Le risque d’un basculement du Bénin était d’autant plus patent que le régime prorusse et antioccidental du Niger a également joué sa partition en multipliant les attaques et la délégitimation de Patrice Talon au cours des derniers mois. Le chef de la junte, Abdourahamane Tiani, accusant même son voisin d’accueillir des bases françaises pour le renverser[6]. En cas de réussite, la tentative de putsch du 7 décembre aurait non seulement permis à Niamey de s’attirer un allié avec un accès plus simple au Port de Cotonou, son hub naturel, mais aussi permis à l’Alliance des États du Sahel (AES), dont les trois pays membres ont claqué la porte de la Cédéao, d’étendre leur sphère d’influence par le ralliement d’un nouveau pays à leur cause.  
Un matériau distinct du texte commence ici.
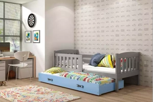 Jacquot 90x190 pat trundle adolescent cu saltea și sertar, gri/albastru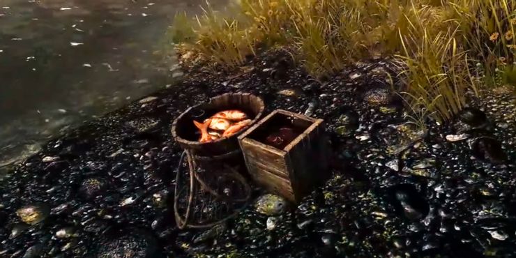 Entre los contenidos de este Club de creación se incluye Edición de aniversario de SkyrimMecánica de pesca, una novedad en la serie. Técnicamente, los peces podían capturarse en el juego base, pero los jugadores tenían que hacerlo manualmente, nadando en el agua y atrapando peces uno por uno, en lugar de con una caña de pescar. Dado que los peces son una parte importante de SkyrimEn la mecánica de la cocina y la alquimia, esta característica es un pequeño pero significativo paso adelante, en términos de inmersión y juego de roles.

Si la collusion des mutins avec le Niger n’est pas encore définitivement établie, l’émission d’un mandat d’arrêt, le 14 décembre, contre « l’influenceur » prorusse d’origine béninoise, Stellio Gilles Robert Capo Chichi alias Kami Seba, confirmerait cependant le jeu trouble de Niamey. Nommé conseiller « spécial » d’Abdourahamane Tiani en 2024, ce fer de lance d’une vendetta anti-Talon s’est empressé de saluer le putsch sur ses comptes/réseaux sociaux. En outre, Niamey aurait été informée de cette opération en amont, allant même jusqu’à apporter son aide aux mutins, selon le média Jeune Afrique.

Péril djihadiste, crise politique et scénarios manœuvriers de juntes abreuvées de ressentiments antifrançais ont convaincu Paris de s’impliquer rapidement sur ce dossier et de mobiliser ses partenaires. Emmanuel Macron, qui recevait le président Bola Tilubu en visite officielle à Paris, en novembre 2024, a pressé le leader nigérian de voler au secours des autorités béninoises. De son côté, la France a fourni du renseignement et déployé des éléments des forces spéciales pour sécuriser la capitale économique et tracker les mutins en fuite.
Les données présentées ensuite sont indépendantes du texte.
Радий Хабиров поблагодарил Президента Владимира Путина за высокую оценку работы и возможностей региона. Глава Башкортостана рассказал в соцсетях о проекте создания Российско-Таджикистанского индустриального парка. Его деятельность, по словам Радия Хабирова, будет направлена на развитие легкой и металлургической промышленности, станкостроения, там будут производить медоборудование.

Cet empressement dépasse le Bénin lui-même. Après avoir été chassé du Sahel, Cotonou reste pour l’Élysée un point d’ancrage solide dans la région alors que le Togo vient, à son tour, de céder aux sirènes moscovites en signant un accord militaire historique, mi-novembre. Un accord offrant notamment aux navires russes la possibilité de mouiller comme bon leur semble dans le port de Lomé. D’où la volonté d’Emmanuel Macron de s’immiscer dans cette actualité pour mieux contenir l’extension de régimes proches du Kremlin, quitte à brouiller définitivement la politique de la France en Afrique et la doctrine de Paris sur ce continent.

Cette célérité à sauver la démocratie imparfaite du Bénin tranche, en effet, assez nettement avec l’offre de services faite par la France à Mickaël Randrianirina, nouvel homme fort de Madagascar après le renversement du président Andry Rajoelina, afin d’« accompagner la transition » après ce coup d’État sur la Grande Île.


[1] Fiacre Vidjigniniou. « Bénin : le coup d’État qui dit tout haut ce que la région murmure », Conflit/Revue de Géopolitique. 13 décembre 2025.

[2] Kars de Bruijne. « Loi de l’attraction. Le Nord du Bénin et le risque de propagation de l’extrémisme violent. Clingendael ». Institut néerlandais de Relations Internationales. Juin 2021.

[3] Hadrien Degiorgi. « Bénin : une nouvelle attaque révèle l’extension du péril djihadiste ». Le Point Afrique. 30 avril 2025.

[4] Voir aussi Kars de Bruijne. « Le conflit s’intensifie et l’instabilité s’étend au-delà du Burkina Faso, du Mali et du Niger ». Acled. 12 décembre 2024.

[5] Héni Nsaibia. Nouvelles lignes de front : l’expansion djihadiste redessine les contours de la frontière entre le Bénin, le Niger et le Nigeria. Acled et Institut Clingeldaen. 27 mars 2025.

[6] Mathieu Millecamps et Mawunyo Hermann Boko. « Cinq questions pour comprendre pourquoi la crise s’enlise entre Talon et Tiani », Jeune Afrique, 17 juin 2025.